On Tuesday, I read a very good essay about writing novels by Suzanne Berne (hat-tip to metafilter) and have been thinking about it all week.
She says:
So for God’s sake, why do it? Why spend years writing a novel, especially if you have no idea of what will become of it?
One answer is that this lengthy, ambiguous, ungainly period, if you can stand it, allows for something rare these days: the suspension of judgment. Room for indecision. Even for disorientation. . . the kind that makes you suspect it may take a while to understand what is right in front of you.

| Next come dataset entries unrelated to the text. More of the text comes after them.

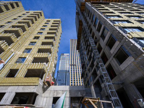 На первых этажах откроются магазины, кафе и салоны красоты. В подъездах установят по три пассажирских и одному грузовому лифту. Предусмотрен подземный паркинг на 2000 машиномест.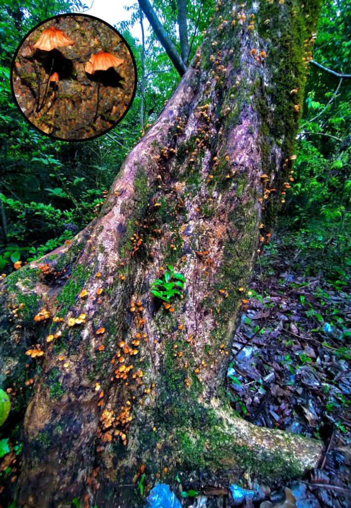 The entire trunk of the tree was covered in thousands of tiny orange mushrooms identified as Marasmius leveilleanus. The mass blooming of this mushroom, forming a spectacular carpet of life climbing up the tree's weathered bark. It was a rare natural event—like watching a hidden world reveal itself in full glory. This single tree, towering and aged, had transformed into a vertical habitat, supporting not just the mushroom bloom but mosses, lichens, insects, and even tiny seedlings clinging to life in crevices of the bark.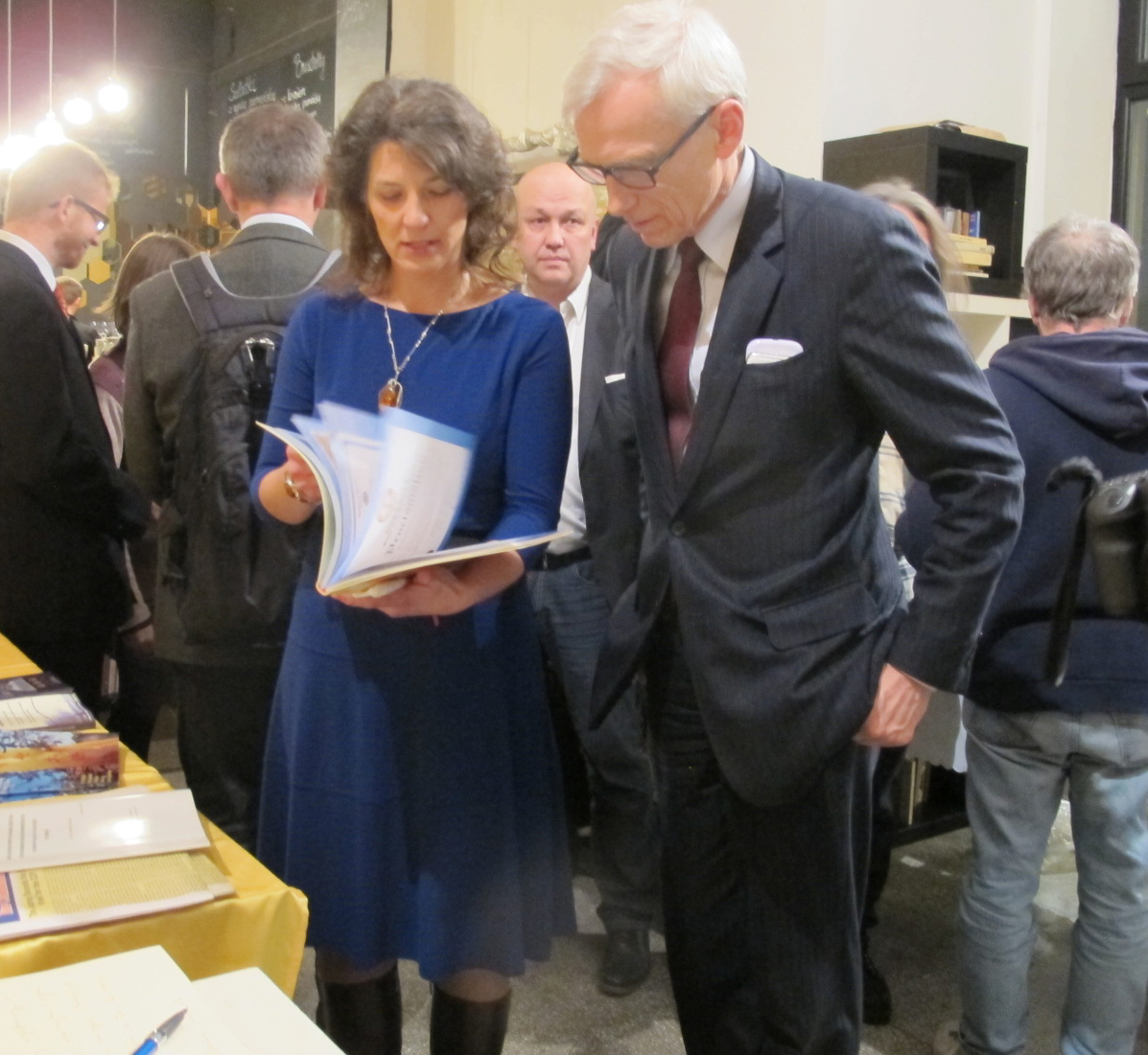 ![]() Marcin Święcicki议员观看和倾听对真善忍国际美展画册的介绍 |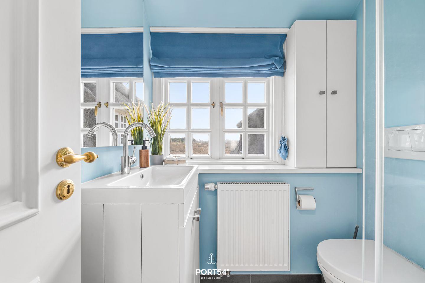 Das moderne Tageslicht-Duschbad ist über den Flur erreichbar und mit einer Dusche, einem großen Spiegel, Haartrockner, warmem Wasser und weiteren Ablagemöglichkeiten ausgestattet. Zusätzlicher Stauraum befindet sich im Flur sowie im Spitzboden in Form weiterer Einbauschränke – ideal für längere Aufenthalte.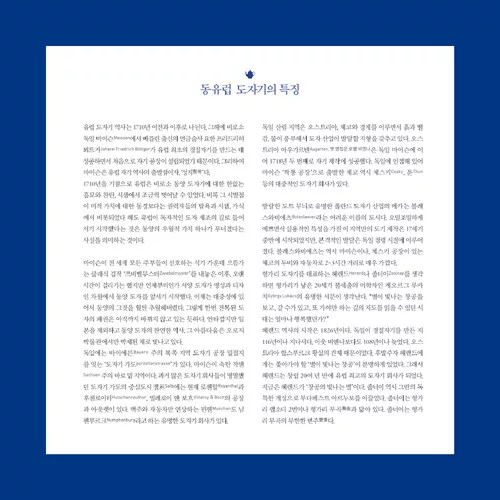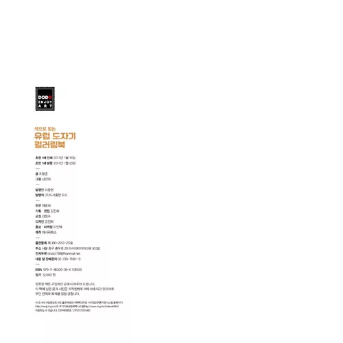 유럽 도자기 여행’ 시리즈를 탐독한 이들에게 색다른 즐거움을 전하는 컬러링북이다. 또한 전작을 읽어보지 않은 사람에게는 유럽 도자기에 대한 관심에 불씨를 지피는 안내서가 될 수도 있다. 책 속에는 ‘유럽 도자기 여행’ 시리즈 세 권에서 가려 뽑은 약 80점에 달하는 아름다운 도자기 도안이 담겨 있으며, 실제 사진과 더불어 각 도자기의 이력과 특징이 함축적으로 소개되어 있다.

. . . As you go forward in a novel, your perceptions keep changing about characters and situations that in the beginning you probably thought you understood—because the characters probably began more or less as types, and their situations probably seemed more or less familiar. Yet as the characters become more complicated, their situations are also defamiliarized, and you can no longer predict how you will feel about them.
“Suzanne Berne Asks Us, Why Write a Novel, Why Read a Novel, and Why Now?“
I’ve been thinking about this whole essay, and especially this excerpt, a lot. The novel I am writing right now, and have been writing since 2019, follows women of a certain age fighting fascism, but it isn’t about that, or, it’s only glancingly about that. It’s really about grief, and what it means to be alive, and why we should build communities, and why we have to love one another. It’s about being human. Maybe all art is.

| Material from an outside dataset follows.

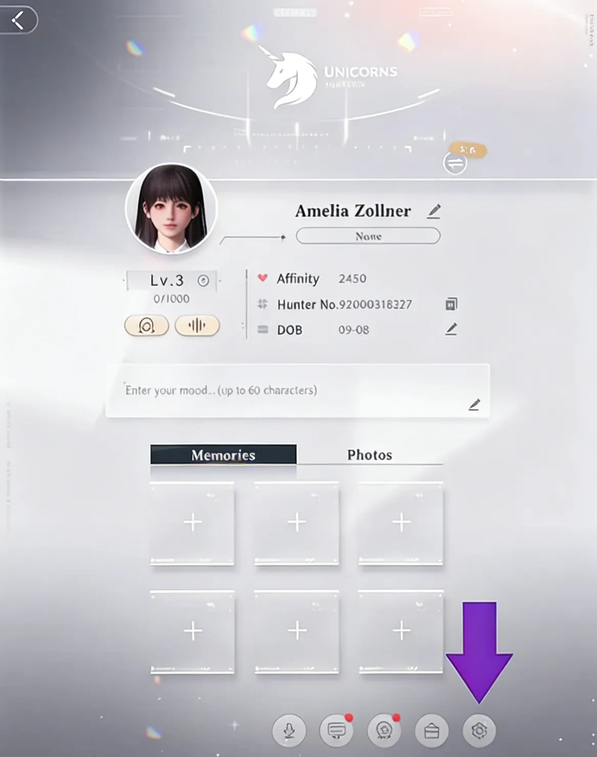 1. Apri il profilo: dalla schermata principale (Stanza del cacciatore), tocca l’icona del tuo profilo nell’angolo in alto a sinistra.

Terry Pratchett has a bit in Wings (from The Bromeliad Trilogy, which is his best work) about how passing pleasantries like “how are you?” “I’m fine, and you?” and so on is really saying, “I am alive and so are you” over and over, just noises we make as mammals who are happy to encounter another mammal. I think novels are kind of the ultimate in “I am alive and so are you” and I want readers to come away from my writing feeling something like you do after having a really excellent conversation.